Джон Кутзее - Сумеречная земля
Она засыпает, обхватив себя руками. Я лежу рядом с ней, трепеща, остро ощущая легчайший запах, исходящий от ее кожи, и веду с собой сладкую борьбу, чтобы сдержать поток слов («Скажи мне, скажи мне…»): если произнести их преждевременно, они нарушат чувственные чары. Именно по ночам в среду я должен признаться себе, что без Мэрилин мне не было бы смысла продолжать. И таким образом, несомненно, начинаю осознавать, что это значит — любить. Вообще, я способен испытывать к спящим существам самые сильные приступы нежности. Я могу плакать от радости над спящими детьми. Порой я думаю, что мог бы достичь высшей степени экстаза, если бы Мэрилин спала, когда мы занимаемся с ней сексом. Конечно, существуют способы добиться этого.
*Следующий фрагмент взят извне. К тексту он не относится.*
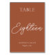 Modern table numbers elevate your wedding reception table décor. The design features an elegant script font in white on a burnt orange earth tone background perfect for a fall wedding or banquet event. Order each table number from the collection or edit this card for each number needed. The design is printed on both sides.
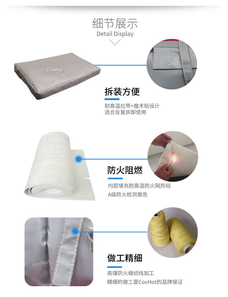 可拆式保溫套保溫效果好,拆裝方便,易于日常維護(hù)保養(yǎng),能反復(fù)使用,對環(huán)境無污染,與人體接觸后不刺激皮膚。根據(jù)現(xiàn)場的物料產(chǎn)生火災(zāi)的可能性、火災(zāi)的預(yù)期溫度、救火需要的時(shí)間等綜合考慮,設(shè)計(jì)適應(yīng)不同的溫度、耐火時(shí)間,從而達(dá)到經(jīng)濟(jì)、合適的防火效果。
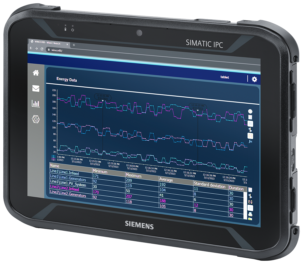 SIMATIC IPC MD-34A with type C PD 10.1 multi-touch 512 GB SSD, 16 GB RAM, Intel Core i5-11th Windows 10 IoT Enterprise LTSC 21H2 resolution: 1920x1200 pixels brightness: 800 cd/m2 Wi-Fi, Bluetooth built-in global 4 G/LTE module built-in GPS & GLONASS with 3,500 mAh battery; you must select your power supply cord: EU: 6ES7900-5AA00-0XA0 GB: 6ES7900-5BA00-0XA0 Switzerland: 6ES7900-5CA00-0XA0 USA: 6ES7900-5DA00-0XA0 Italy: 6ES7900-5EA00-0XA0 China: 6ES7900-5FA00-0XA0 India: 6ES7900-5GA00-0XA0
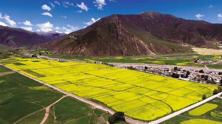 滿目金黃香萬里,三夏好景醉千山。時至七月,雪域高原上大片油菜花盛開。近年來,拉薩市墨竹工卡縣借助小油菜,全方位、多維度、立體化展示“三產融合”發(fā)展成果,展陳當?shù)靥厣幕偷赜蝻L情,推介旅游資源,吸引廣大農牧民參與到農、旅、文融合發(fā)展中來,吃上“旅游飯”,不斷鞏固拓展脫貧攻堅成果同鄉(xiāng)村振興有效銜接。

Но я не верю, что Мэрилин по-настоящему получает удовольствие с другими мужчинами. Она по своей природе онанистка, и ей нужно равномерное механическое трение, чтобы вызвать перед ее внутренним взором фантазии о порабощении, которые в конце концов исторгают у нее стоны и дрожь. Если она идет с незнакомцами, то лишь для того, чтобы избежать неловких трапез в одиночестве или продлить грустное веселье сборищ, на которых распавшиеся пары и тупые мальчишки соприкасаются кончиками пальцев, пытаясь оживить угасающий огонь. Случайный секс означает для Мэрилин: две пары холодных ног, заученная прелюдия, краска стыда и милостыня в темноте. Они спокойно улыбаются, страсть иссякла, и они мечтают оказаться у своего домашнего очага и никогда больше не видеть друг друга. «Ты кончила?» — «Нет, но это было чудесно». Горькая чаша осушена.
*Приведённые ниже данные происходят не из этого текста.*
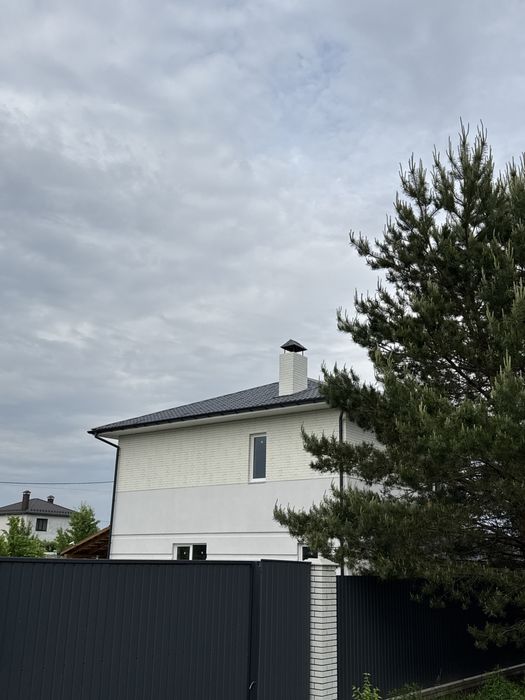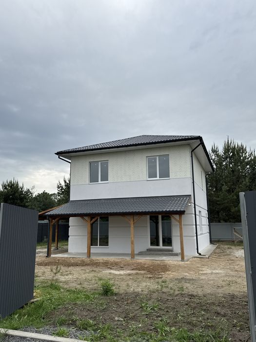 Продається сучасний двоповерховий будинок з терасою в селі Бобриця, Київська область (біля Білогородки), зручний виїзд на Житомирську трасу, 20–30 хвилин до Києва.
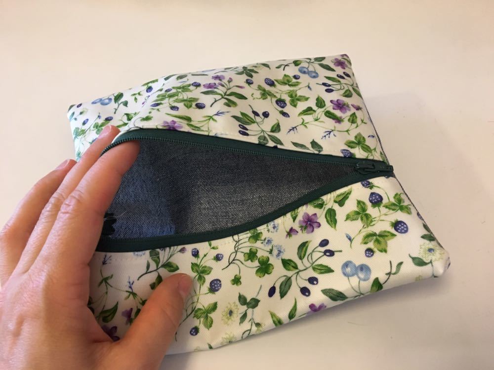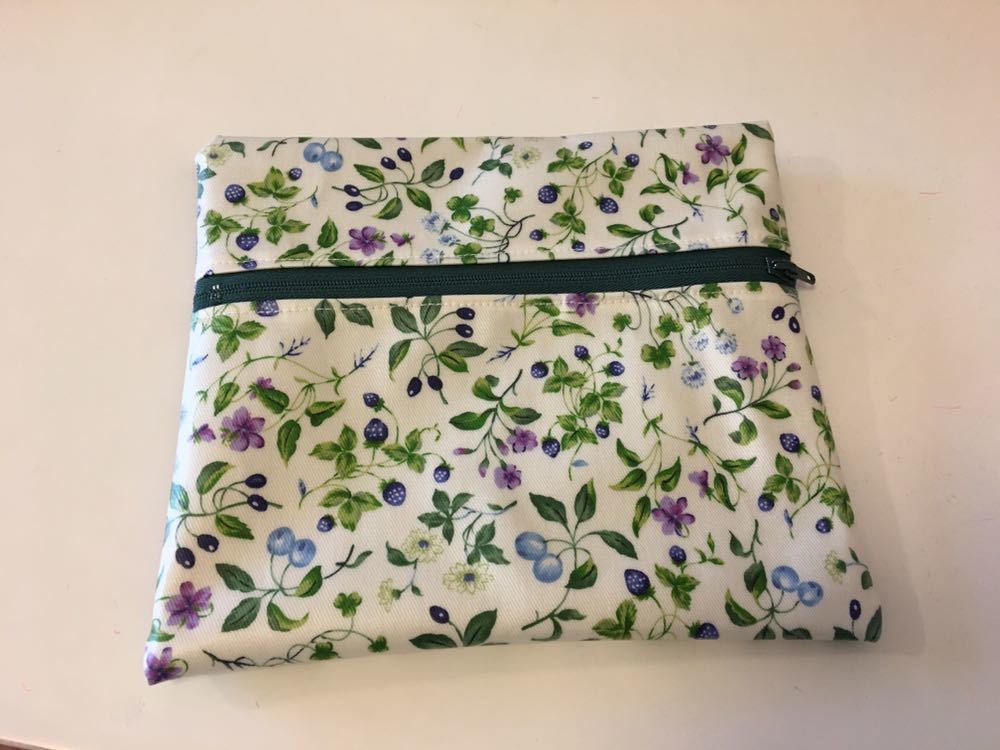 ベリー*花柄のラミネート生地とデニムのラミネート生地でポーチを作りました。
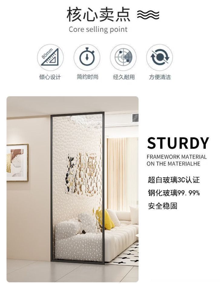 그라디언트 유리 스크린 파티션 거실 간단한 강화 물 파문 창홍 입구 거실 침실 쉼터
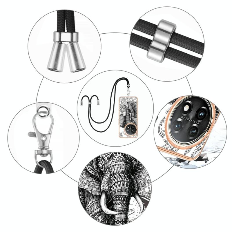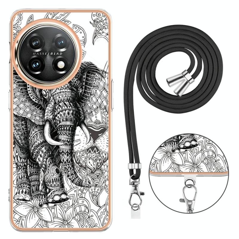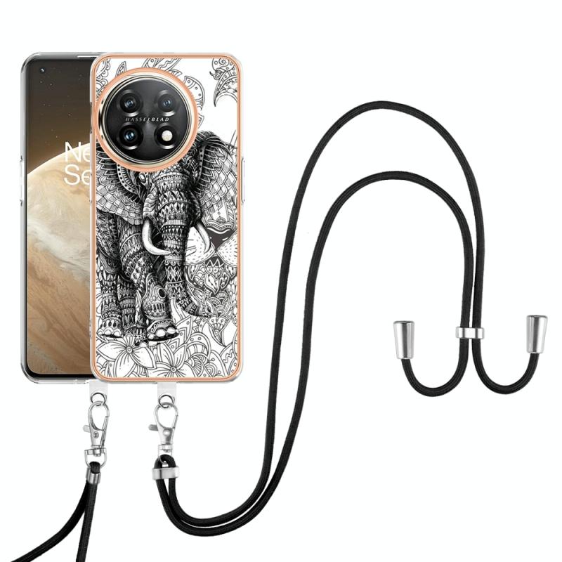 For OnePlus 11 Electroplating Dual-side IMD Phone Case with Lanyard(Totem Elephant)
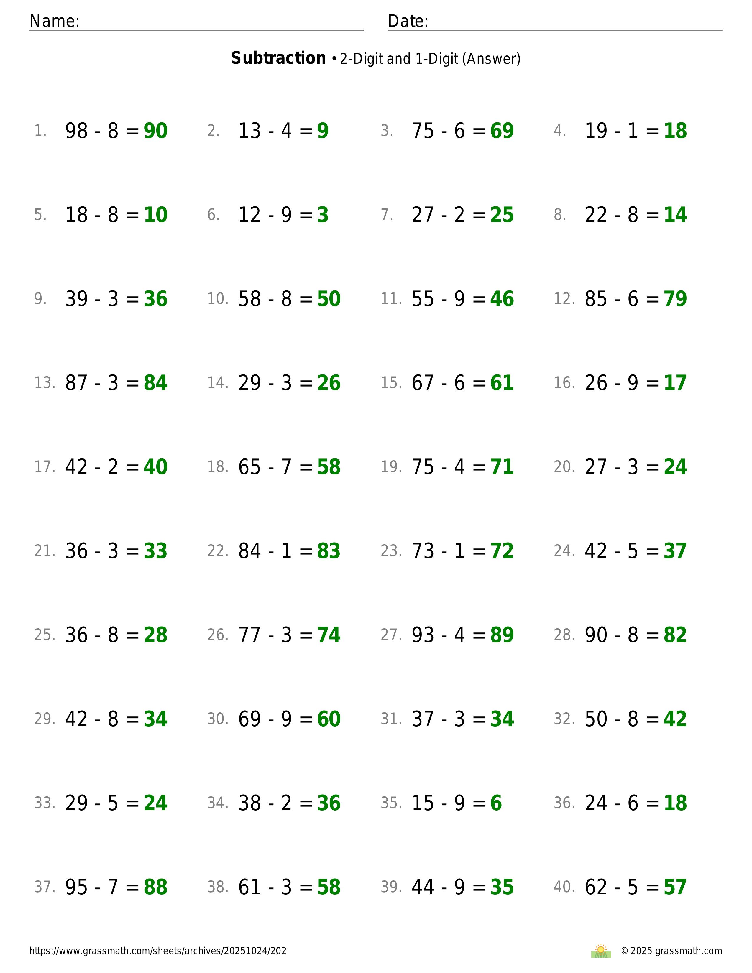 Subtraction 2-Digit and 1-Digit

Она не ведет записей об этих приключениях — разве что в бессмертной памяти. В дневнике ничего нет, а судя по кошельку, нет и никаких необъяснимых трат. Ее чувство вины проявляется в невольных знаках: дерзкая поза на пороге, невероятная поглощенность домашними хлопотами, искренний взгляд в ответ на мой искренний взгляд. Я бы не сказал, что меня мучают сомнения или ревность или смущает мысль: уж не ошибаюсь ли я, приписывая ей двойную жизнь? Все мы так или иначе виновны; оскорбление менее существенно, нежели грех; и я хорошо знаю свою жену, поскольку сильно повлиял на ее формирование. Если я должен указать на улики, подтверждающие мои подозрения, то укажу на черный кожаный несессер для письменных принадлежностей на верхней полке в ее платяном шкафу. Во внутреннем кармашке этого несессера обычно была лишь моя фотография, с влажными карими глазами и безвольным ртом, характерным для всех специалистов по пропаганде. Однако в конце февраля там появилась фотография обнаженной Мэрилин. Она раскинулась на черной атласной простыне (как в «Плейбое»), ноги скрещены (четко видны точечки от сбритых волос), бородка на лобке выставлена напоказ, поза сосредоточенная и дилетантская. Меня воротит не только от откровенности Мэрилин, но и от бездарности фотографа. «Помоги мне!» — вопиет снимок; замороженная девушка в замороженное мгновение под замораживающим взглядом. Сравните с великими фотомоделями, посылающими со страниц журнала безличную насмешку: «Лакомый кусочек для вашего господина». Я отрываюсь от страниц «Вог», дрожа от бессилия.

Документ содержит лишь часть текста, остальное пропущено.